* INSTRUCTIONS FOR THE TASK:
Return only the lines from the one that contains "Expand your star" through the last line of the records below, exactly as they stand. Pictures are not part of the copy.

[Collected data entries]
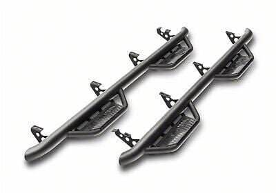 Engineered for Strength and Longevity. Manufactured from corrosion-resistant stainless steel and coated in a textured black finish, these side step bars are designed to withstand exposure to rain, road salt, and impact. Their welded construction prevents flexing and adds reinforcement at all critical stress points.
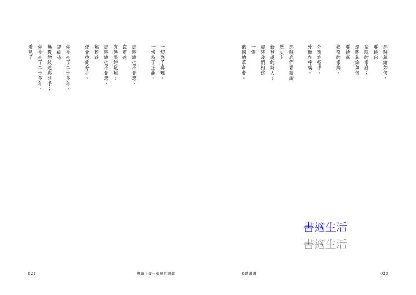 在時代的洪流中,每個人都必須做出選擇,有些選擇或許使他們的生命有如燦爛的煙火,在令人驚詫愕然之餘,卻又在下一刻悵然它的短暫。即使如此倏忽即逝,但這已是一條竭盡這個五四世代所能的、上下求索而出的漫漫長路。
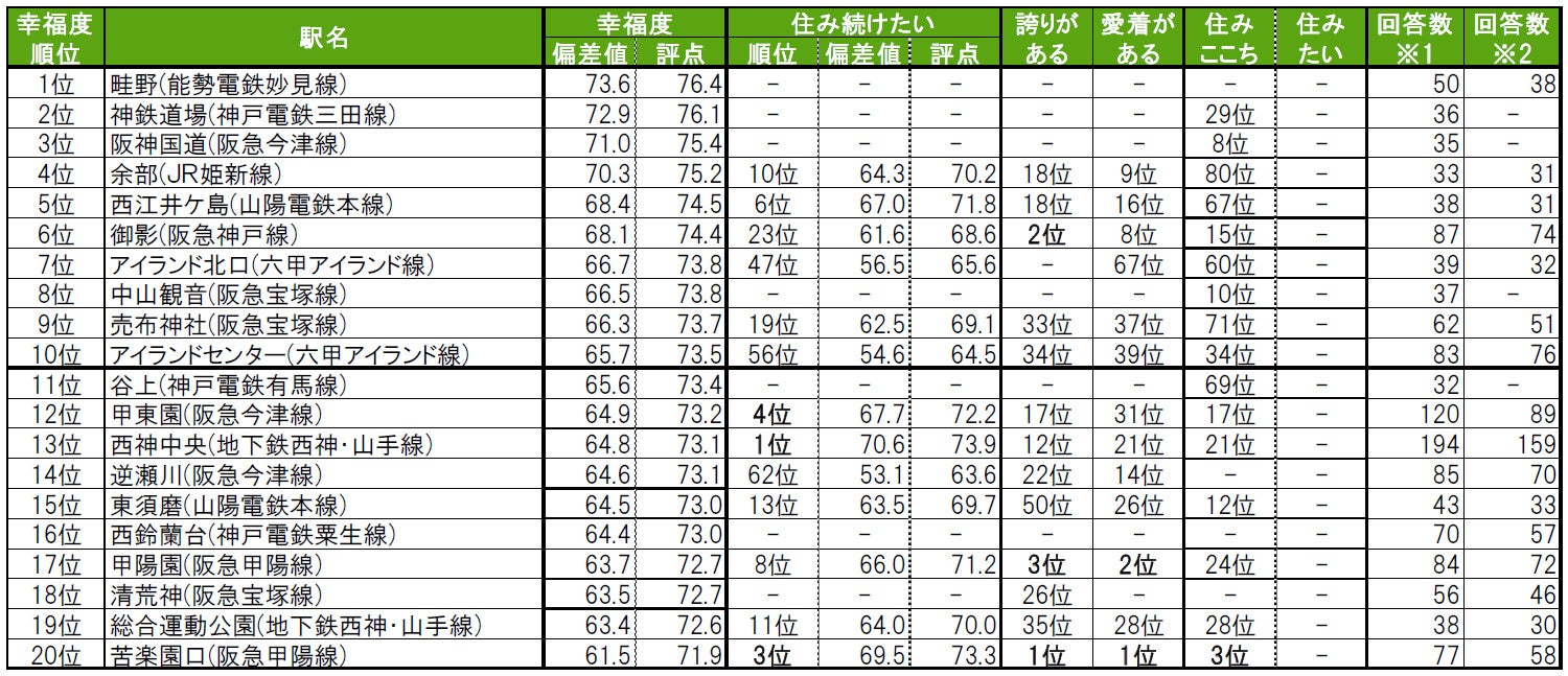 1位は畦野で、「街の幸福度(自治体)」で16位の川西市にある駅です。2位は神鉄道場で、「街の幸福度(自治体)」で10位の神戸市北区にある駅です。3位は阪神国道で、「住み続けたい街(自治体)」で4位の西宮市にあり、「住みここち(駅)」では8位の駅です。
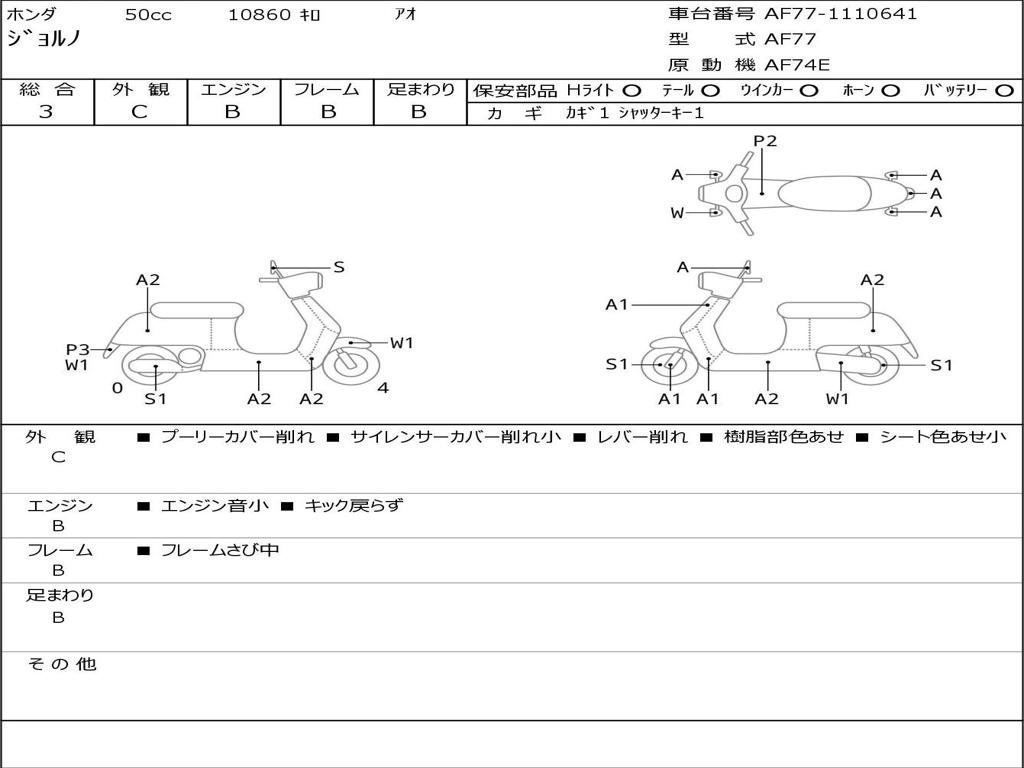 | Номер рамы / VIN | AF77-1110641 |
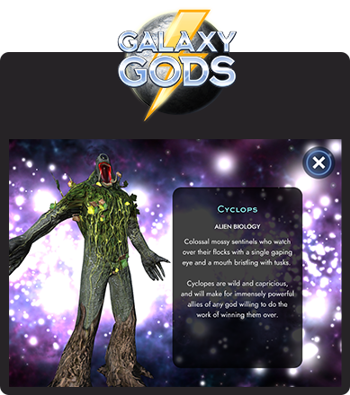 Expand your star system and strike other gods, form pantheons and join galactic missions, and your name will be praised in songs across the universe.
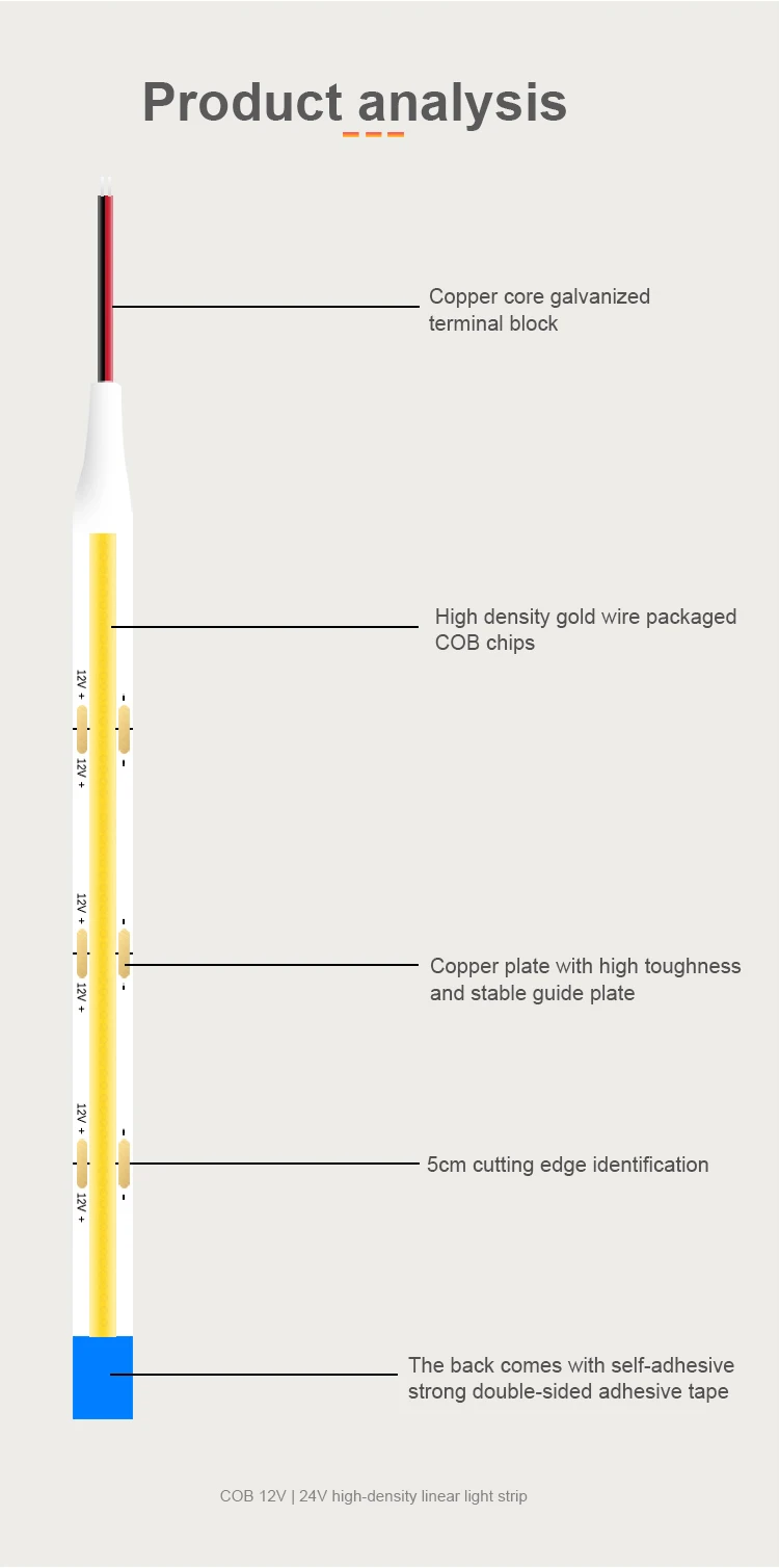 Low voltage self-adhesive cob light strip
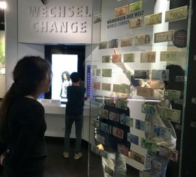 Freitag war der letzte und coolste Tag. Wir fuhren mit dem Zug nach Frankfurt und gingen ins Geldmuseum. Danach führte uns eine Dame durch das Museum. Wir lernten, wie Dinge bezahlt wurden, bevor es Geld gab, sahen Falschgeld und durften sogar einen echten Goldbarren anfassen. Nach der Führung haben wir uns alleine noch eine Stunde umgesehen. Es gab auch ein Kino im Museum mit Drehstühlen, weil die Leinwand an allen Seiten des Raums war. Später fuhren wir mit dem Zug zurück und reflektierten in der Schule die Projekttage.
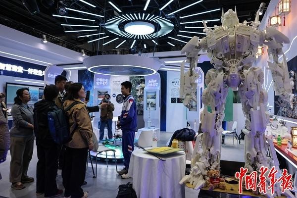 3月27日,北京,首钢园,由北大附中石景山学校高一学生共同制作的“擎天柱雕塑机器人”。
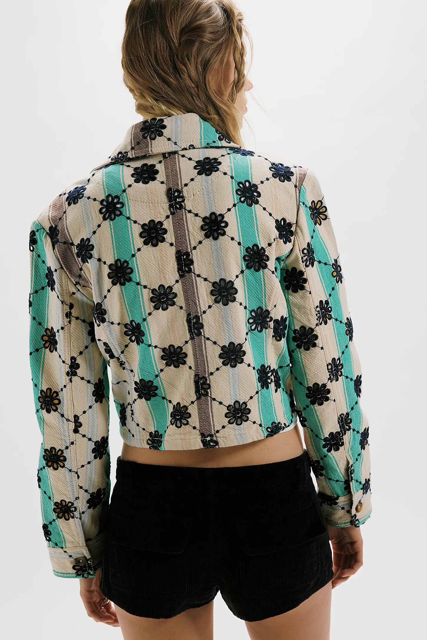Whether you're pairing it with jeans for casual elegance, styling it over a dress for added structure, or layering it with trousers for polished style, the Cassie Mod Jacket delivers that perfect combination of vintage-inspired charm and modern versatility. The cropped, boxy silhouette and embroidered details create a look that's both playful and sophisticated.

* RESULT FOR THIS EXERCISE:
 Expand your star system and strike other gods, form pantheons and join galactic missions, and your name will be praised in songs across the universe.
 Low voltage self-adhesive cob light strip
 Freitag war der letzte und coolste Tag. Wir fuhren mit dem Zug nach Frankfurt und gingen ins Geldmuseum. Danach führte uns eine Dame durch das Museum. Wir lernten, wie Dinge bezahlt wurden, bevor es Geld gab, sahen Falschgeld und durften sogar einen echten Goldbarren anfassen. Nach der Führung haben wir uns alleine noch eine Stunde umgesehen. Es gab auch ein Kino im Museum mit Drehstühlen, weil die Leinwand an allen Seiten des Raums war. Später fuhren wir mit dem Zug zurück und reflektierten in der Schule die Projekttage.
 3月27日,北京,首钢园,由北大附中石景山学校高一学生共同制作的“擎天柱雕塑机器人”。
Whether you're pairing it with jeans for casual elegance, styling it over a dress for added structure, or layering it with trousers for polished style, the Cassie Mod Jacket delivers that perfect combination of vintage-inspired charm and modern versatility. The cropped, boxy silhouette and embroidered details create a look that's both playful and sophisticated.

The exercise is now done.